To do: What you return must match the listing exactly, with every image removed.

Data:
--- START ---
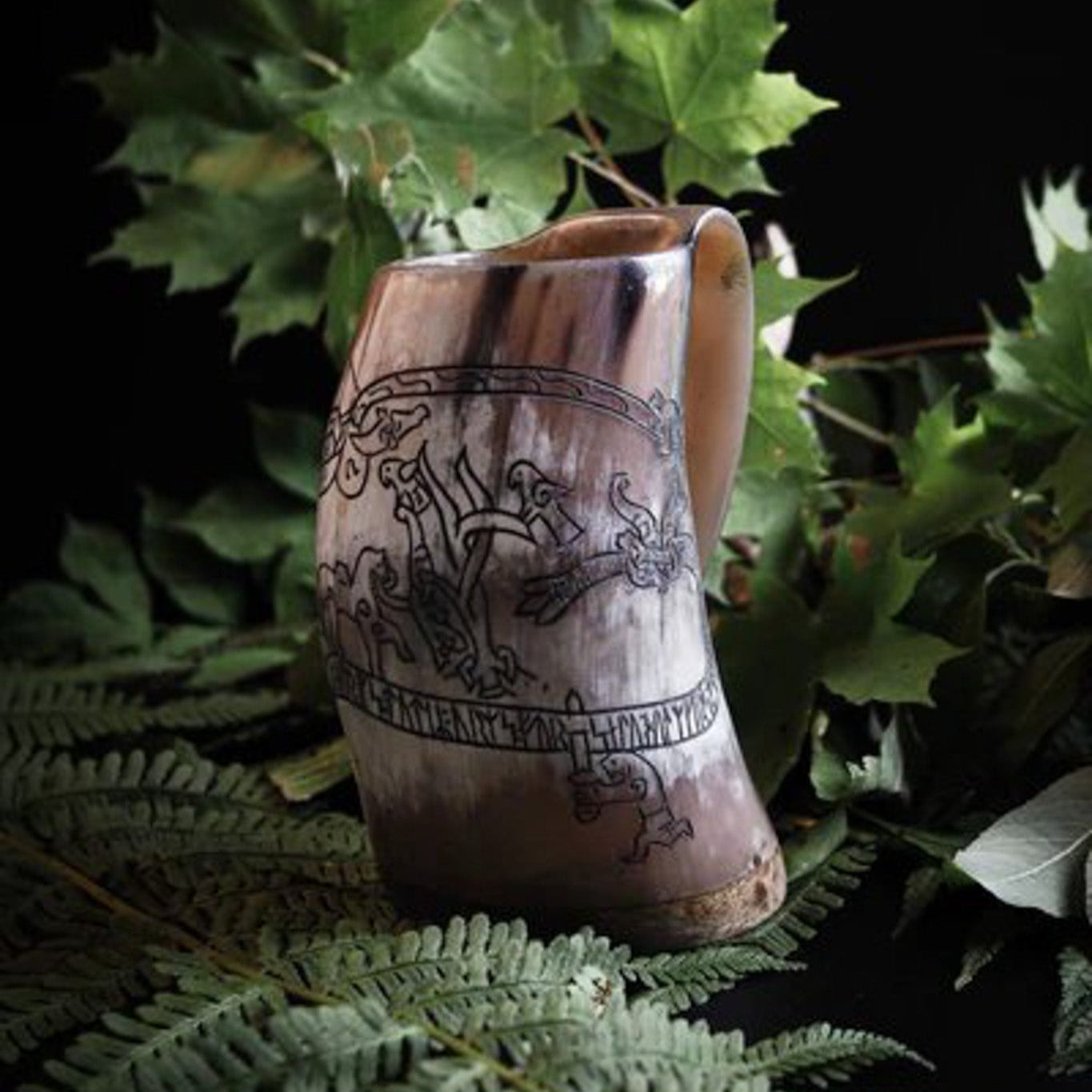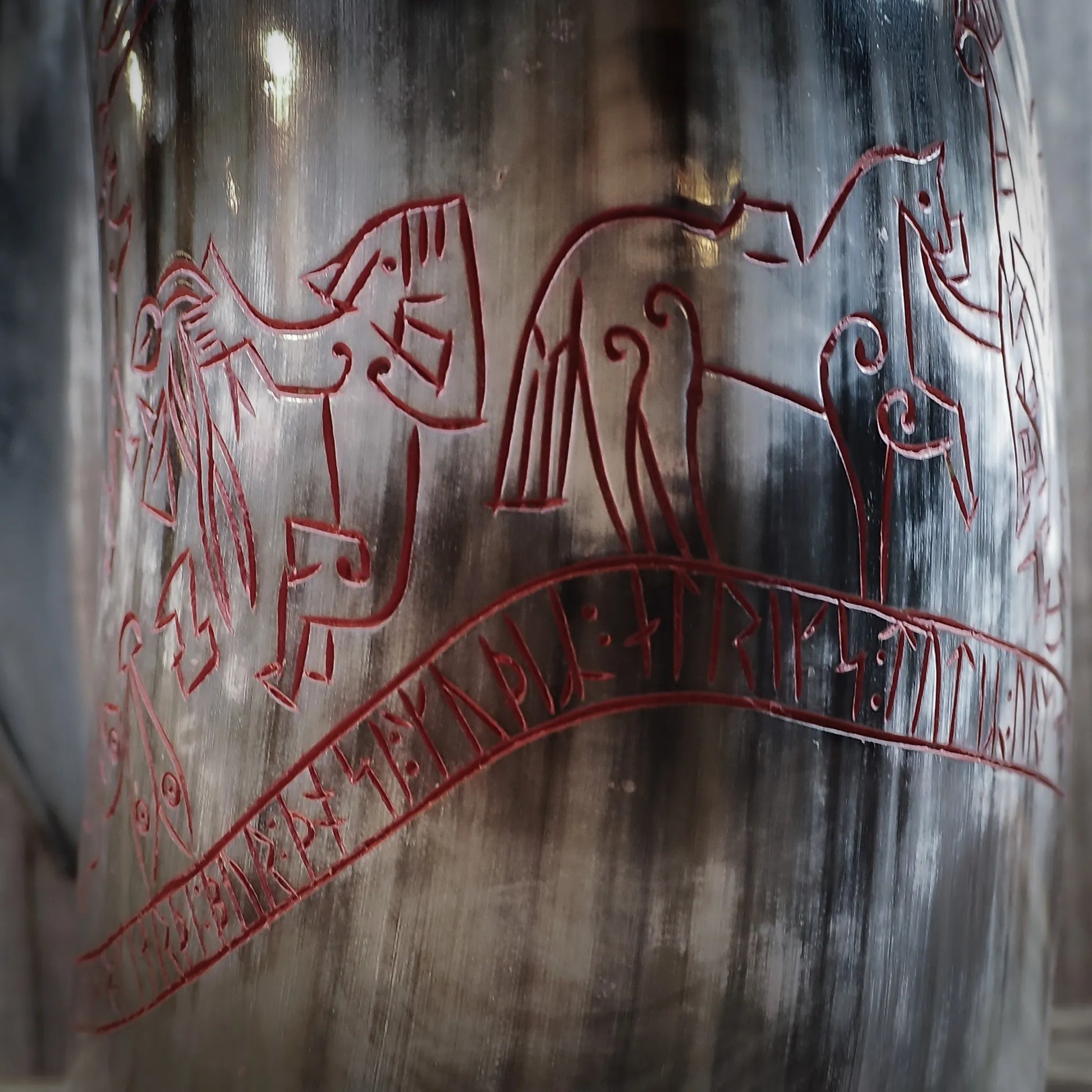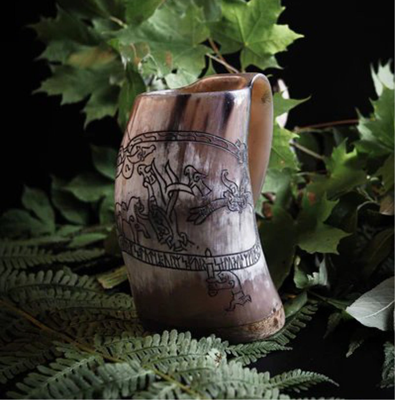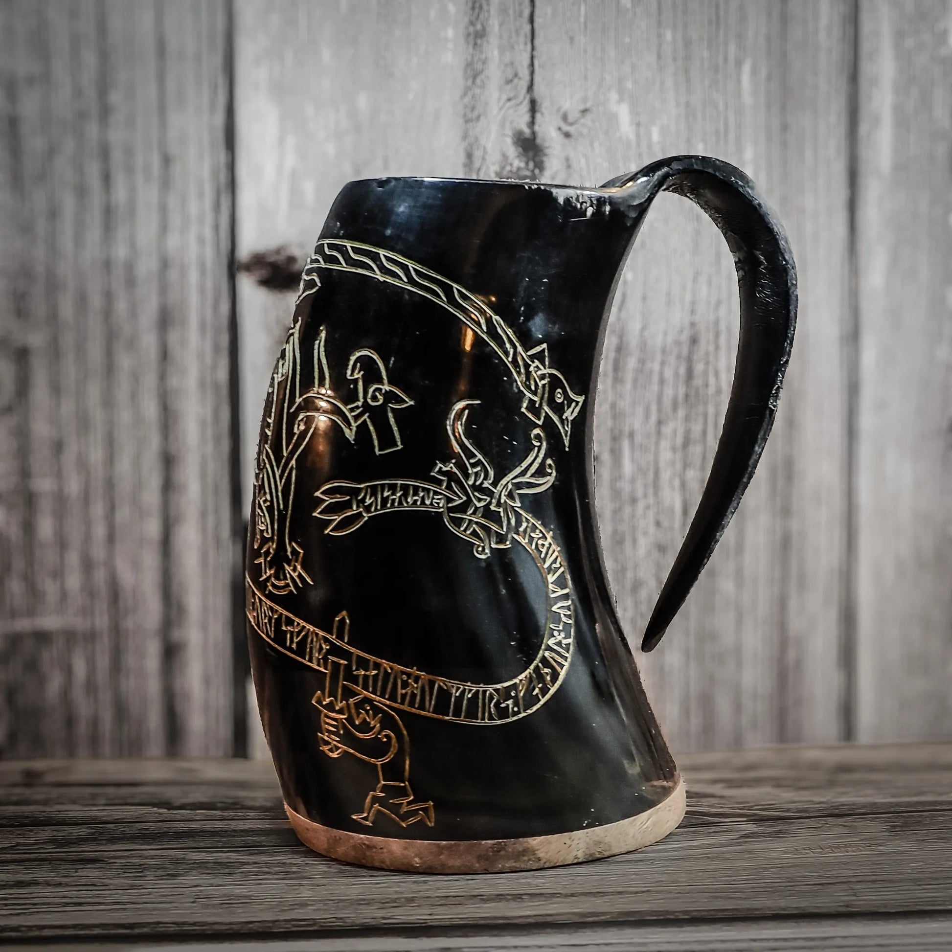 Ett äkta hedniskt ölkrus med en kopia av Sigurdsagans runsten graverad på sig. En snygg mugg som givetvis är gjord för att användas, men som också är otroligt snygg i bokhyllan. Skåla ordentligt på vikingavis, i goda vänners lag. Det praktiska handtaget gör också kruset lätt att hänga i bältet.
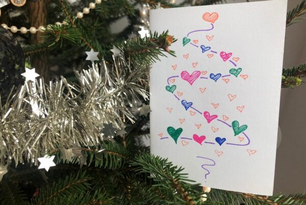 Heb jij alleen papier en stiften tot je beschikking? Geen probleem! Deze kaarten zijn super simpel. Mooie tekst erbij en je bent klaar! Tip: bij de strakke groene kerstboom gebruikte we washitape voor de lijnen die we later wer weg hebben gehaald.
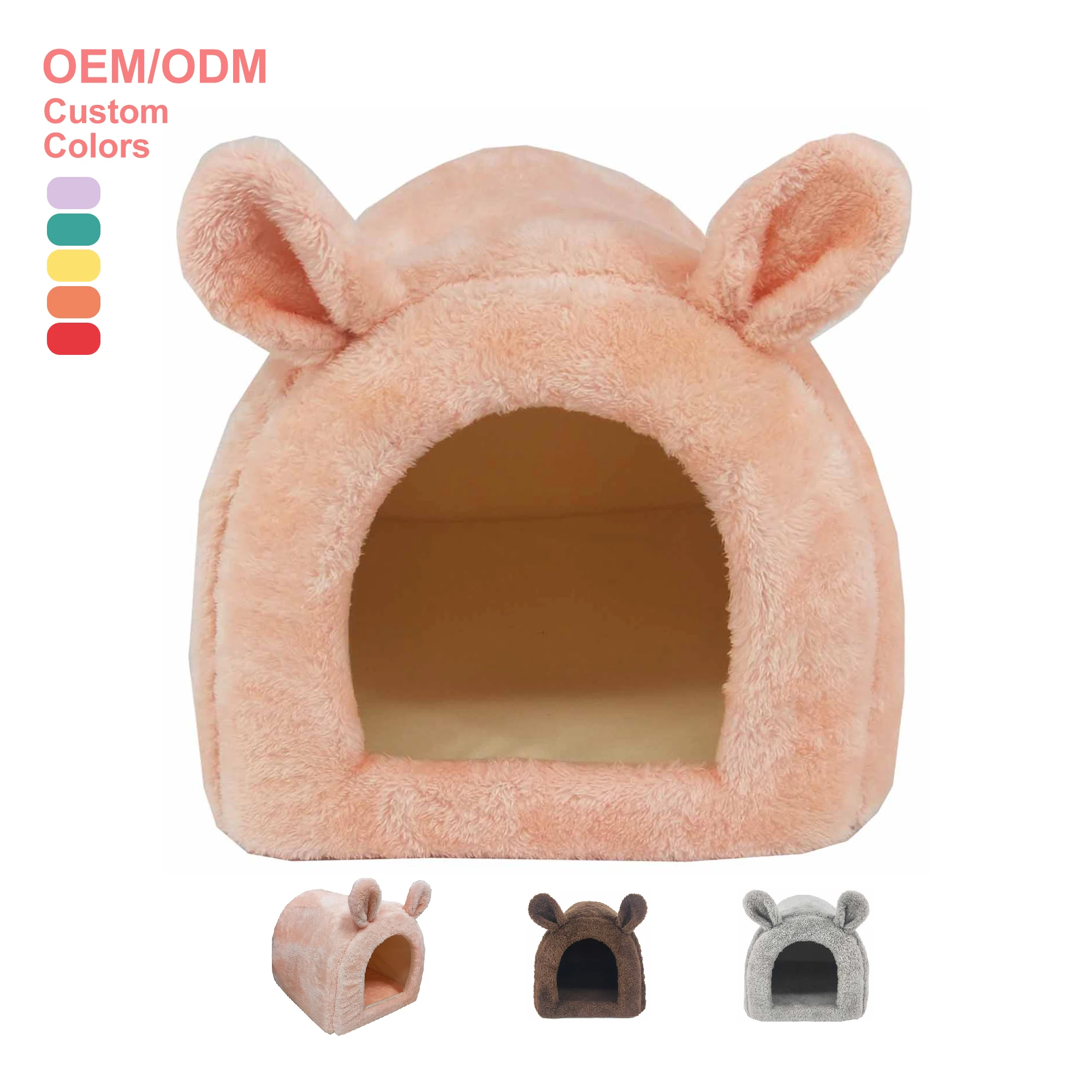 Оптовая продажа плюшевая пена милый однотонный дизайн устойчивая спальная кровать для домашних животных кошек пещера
--- END ---
Written response:
 Ett äkta hedniskt ölkrus med en kopia av Sigurdsagans runsten graverad på sig. En snygg mugg som givetvis är gjord för att användas, men som också är otroligt snygg i bokhyllan. Skåla ordentligt på vikingavis, i goda vänners lag. Det praktiska handtaget gör också kruset lätt att hänga i bältet.
 Heb jij alleen papier en stiften tot je beschikking? Geen probleem! Deze kaarten zijn super simpel. Mooie tekst erbij en je bent klaar! Tip: bij de strakke groene kerstboom gebruikte we washitape voor de lijnen die we later wer weg hebben gehaald.
 Оптовая продажа плюшевая пена милый однотонный дизайн устойчивая спальная кровать для домашних животных кошек пещера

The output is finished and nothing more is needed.